Figure 4: Tertiary structural stability of the (c.734T > C) p.L245P mutant PROM1. A. Structural superposition of the wild- (red) and the mutant-type (blue) domains extracted from the trajectories of 20, 80, and 100 ns. The mutation of L245P and the residue Leu245 of wild type are labeled in green color. The helices and hinge indicate with arrows. α1: residues number 70-77, α2: bHLH-Zip domain, and α3: residues number: 183-191. B. Plot of average RG values for each of the systems. RG for L245P mutant and wild type are colored as red and blue, respectively. The chart also shows differential RG values between residues of WT and mutant forms. There is a strong prospect that the L245P mutation influences the structure of the active site of PROM1, possibly by creating a further fold and destabilizing the mentioned domain. C. Comparative diagram depicting Ramchandran plot analysis of PROM1 protein variants in the wild type (upper panel) and the L245P mutant (lower panel) during 130 ns molecular dynamic simulations. Ramachandran plots show the phi (φ)-psi (ψ) torsion angles for the related residue number 245 of PROM1 in this structure. Leu and Pro residues are shown as square (□) and are not restricted to the regions of plots. In the upper panel, before mutation, Leu245 located in the 310 helix region, whereas mutated residue (L245P) transferred to the alpha helix parts of plot in the lower panel during the simulation time.
Structural effects on the p.L245P mutation in residue interaction networks
The residue interaction networks (RINs) analysis of a protein backbone is a new strategy that identifies key residue interactions. The RINs assays can be used to explore the differences between different proteins, including the proteins of the wild type and mutants. In this work, we investigated the relationship between key residues of the wild type and that of the L245P mutant by generating RINs and using representative structures from 130 ns of molecular dynamics (Figure 5). Evident from the RINs plot, comparison between the predicted key residues of the wild type Leu and that of mutated Pro in the 245th position revealed that the mutant residue changed the interaction within the network. In the wild type, the residue Leu245 forms one hydrogen bond with residue Glu249 (Figure 5A), whereas the mutant form exhibits that the Pro245 has the two hydrogen bonds with Leu 248 and Glu249. Also found in the mutant form of PROM1, the α-helical structure in the bHLH-Zip domain was noticeably stabilized through close atom interactions of Pro245 with Ile241, His242, Asn69, Val73, and Leu248 (Figure 5B). In contrast, there are no interactions of Leu245 with Ile241, His242, Asn69, Val73, and Leu248 in the wild-type system. As a result, analysis of RINs shows that the mutant residue changed the interaction within the network in comparison to the wild type, which made a more stabilized bHLH-Zip mutant structure in the extracellular domain of PROM1. Even so, L245P mutation affects the interactive network and the overall structure of the protein, leading to instability of the total structure of PROM1 protein. Hydrogen bonds in the overall structure of the wild type are slightly increased compared to the mutant type. Nevertheless, the specific hydrogen bond interactions in the mutated region were enhanced relative to the wild residue (Supplementary Figure 2), demonstrating that bHLH-Zip domain of the mutant type is more stable compared to the wild type.

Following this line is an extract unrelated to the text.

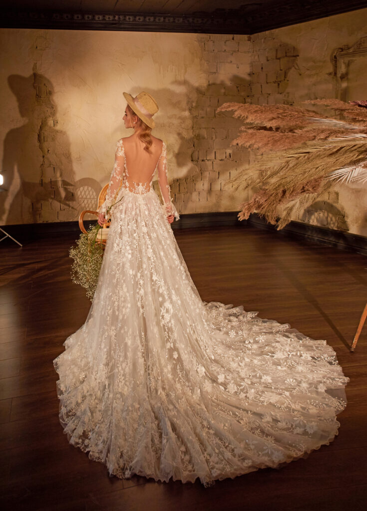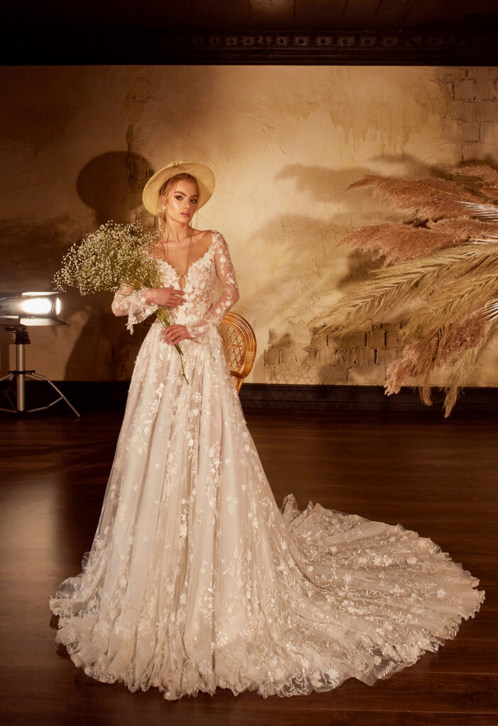 Rochie de mireasă romantică A line cu mâneci lungi și decolteu în formă de V. Un model vaporos cu spate gol, trenă și aplicații florale 3D .

Figure 5: Residue interaction networks. A. RINs of the active functional extracellular domain residues of PROM1 position in the wild type and B. the L245P mutant forms. Wild type reported on H-bond with Glu249 and no closely atomic interaction with the surrounding residues. L245P mutant form shows two H-bond interaction with Leu248, Glu249, and several closer atomic interactions generated through Pro245 with Ile241, His242, Asn69, Val73, and Leu248. The more interactions between the L245P mutant and neighboring residues could be destabilized at the bHLH-Zip domain in 130 ns.

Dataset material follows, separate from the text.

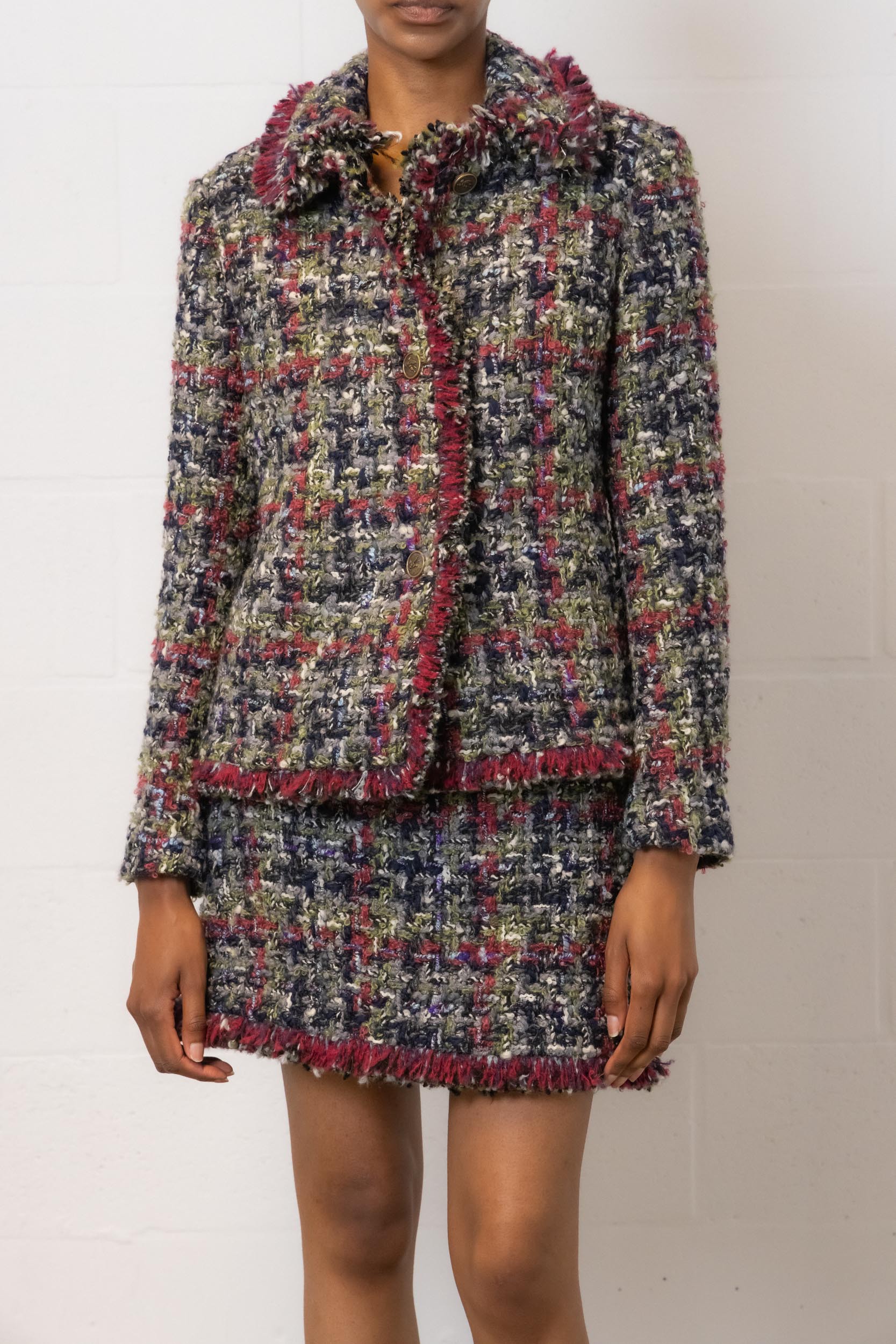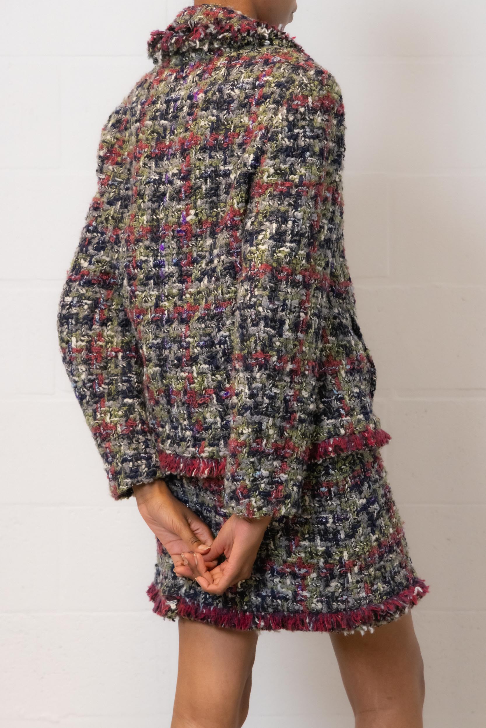 This green, pink and grey tweed mini skirt designed by Etro has a zip fastening at the back and a straight cut.

The p.L245P mutation of PROM1 dynamical properties increases fluctuation, flexibility and atomic density distribution
To detect main dynamical topographies of the wild-type and the mutant domains as well as highlight major conformational changes between the structures, we mathematically investigated the atomic positional fluctuations covariance matrix of the C-alpha atoms using the PCA method (Figure 6). In this study, two principal motions were considered to evaluate the general fluctuations; the first principal motion (PC1) corresponding to the scissoring motion between the interacting residues, and another one (PC2) indicateing a twisting motion. Figure 6A shows a scatter plot constructed for the wild-type and L245P mutant in both types’ eigenvectors, PC1 and PC2. As shown in Figure 6, the most fluctuations between all atoms of wild and mutant types are between -1.088 to 1.88 and -0.95 to 2.96 nm, respectively during the simulation. It means that the L245P mutant generates more scissoring motion along the PC1 axis relative to the wild type. A significant difference between these two systems are evident from the characteristic structures plotted along two principal components directions. The motions of the loop in both systems were described. PCA revealed that the L245P mutant inhibits a relatively wider phase space and shows higher fluctuation in contrast to the wild type. This result is congruent with the presented Rg graph. The molecular changes were depicted in the atomic density distribution plot (Figure 6B-6C). There was a clearly, significant change in the density distribution of the native compared to the mutant. Moreover, the mutant structure shows higher atomic density distribution relative to the wild structure. Also, the L245P mutant complex occupies a larger phase space and exhibits a higher fluctuation compared to the wild-type complex. The cross-correlation matrix and a graph of the correlated and anti-correlated motions in the wild type and mutant system are shown in Figure 6B-6C, respectively. These results indicate that a specific residue is established with all the other residues during 130 ns simulation. Specifically, the single mutation of L245P mutant causes a change in the profile of the cumulative correlation motions localized along the entire bHLH-Zip domain. This effect indicates that a partial folding of the mutant protein region has mostly anti-correlated motion, which is primarily involved in interactions with other domains.
Table 3: Prominent residue contributing towards motions of the wild and the L245P-mutant across different modes.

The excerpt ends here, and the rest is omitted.